The answer to that lies in realizing that when we "factor out" a 3 from $\displaystyle 2^{15}3^{10}5^{6}$, for example, that is the same as subtracting 1 from the exponent. Also realize that by "perfect cube" we mean literally each exponent is divisible by three, i.e. $\displaystyle 2^{12}$ is a perfect cube because it can be written as $\displaystyle (2^4)^3$
Combining these two observations, in order to get a perfect cube by factoring out a 3 from $\displaystyle 2^{a}3^{b}5^{c}$, we require a and c to be perfectly divisible by 3, and b to be exactly 1 more than a multiple of 3. Applying this same logic to the other two exponents was where I got the statement,If you plug away and actually solve this riddle, the lowest set of numbers a,b,c that satisfies it is precisely 15,10,6.(1) b and c are even but a is odd, (2) a and c are divisible by 3 but b leaves a remainder of 1, and (3) a and b are divisible by 5, but c leaves a remainder of 1.
thanks thats amazing!
that was very interesting, i'd like to think of this further in special cases, though i doubt i will be able to calculate the actual value then (number being too big!)

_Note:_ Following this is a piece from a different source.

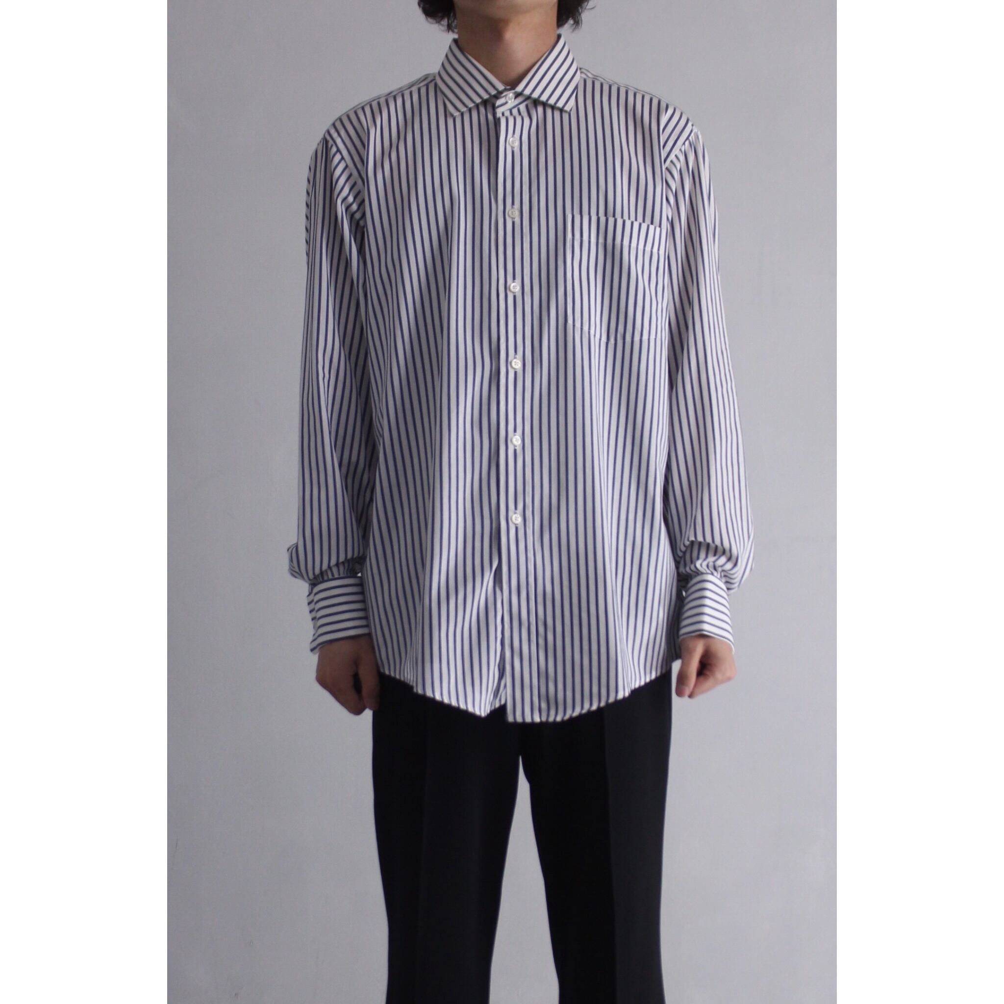 スモークブルー×ホワイトの王道ストライプカラーにブランドシャツでは珍しいルーズに着用可能なXL程度のサイズ感。羽織でも1枚でもサマになります☺︎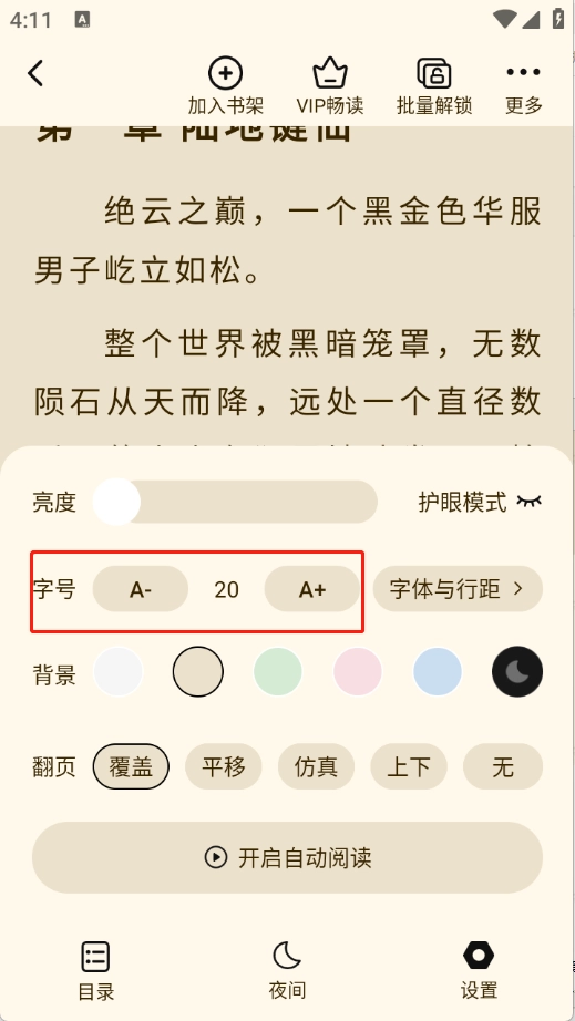 1、进入小说阅读页面后,点击“设置”按钮。

any way i could generalise this so a number is perfect square, cube.... 1/n is a perfect nth power?
HallsofIvy showed in his/her post that finding a number fitting your criteria is equivalent to finding a number $\displaystyle m=2x^2=3y^3=5z^5$ for x,y,z integers. Extrapolating that pattern, we hypothesize that m factorizes like such: $\displaystyle m=2^{a}3^{b}5^{c}$ , where (1) b and c are even but a is odd, (2) a and c are divisible by 3 but b leaves a remainder of 1, and (3) a and b are divisible by 5, but c leaves a remainder of 1.
Solve this riddle for a,b,c and plug back in to find m.
Well, m has to be of the form $\displaystyle m=2^a3^b5^c7^d11^e13^f$... for some finite list of primes. Since factoring out 2,3,5 doesn't affect d,e,f..., they must all be divisible by 2,3, and 5. Hence, they all must be multiples of 30. So d, for example, must be 0,30,60,90,etc. Obviously, to minimize m, just assume d,e,f,... are all zero, i.e. no prime factors greater than 5.
Therefore, although larger choices of m exist, we conclude that the smallest m is probably of the form m=$\displaystyle 2^a3^b5^c$, which brings us up to speed with the other posts.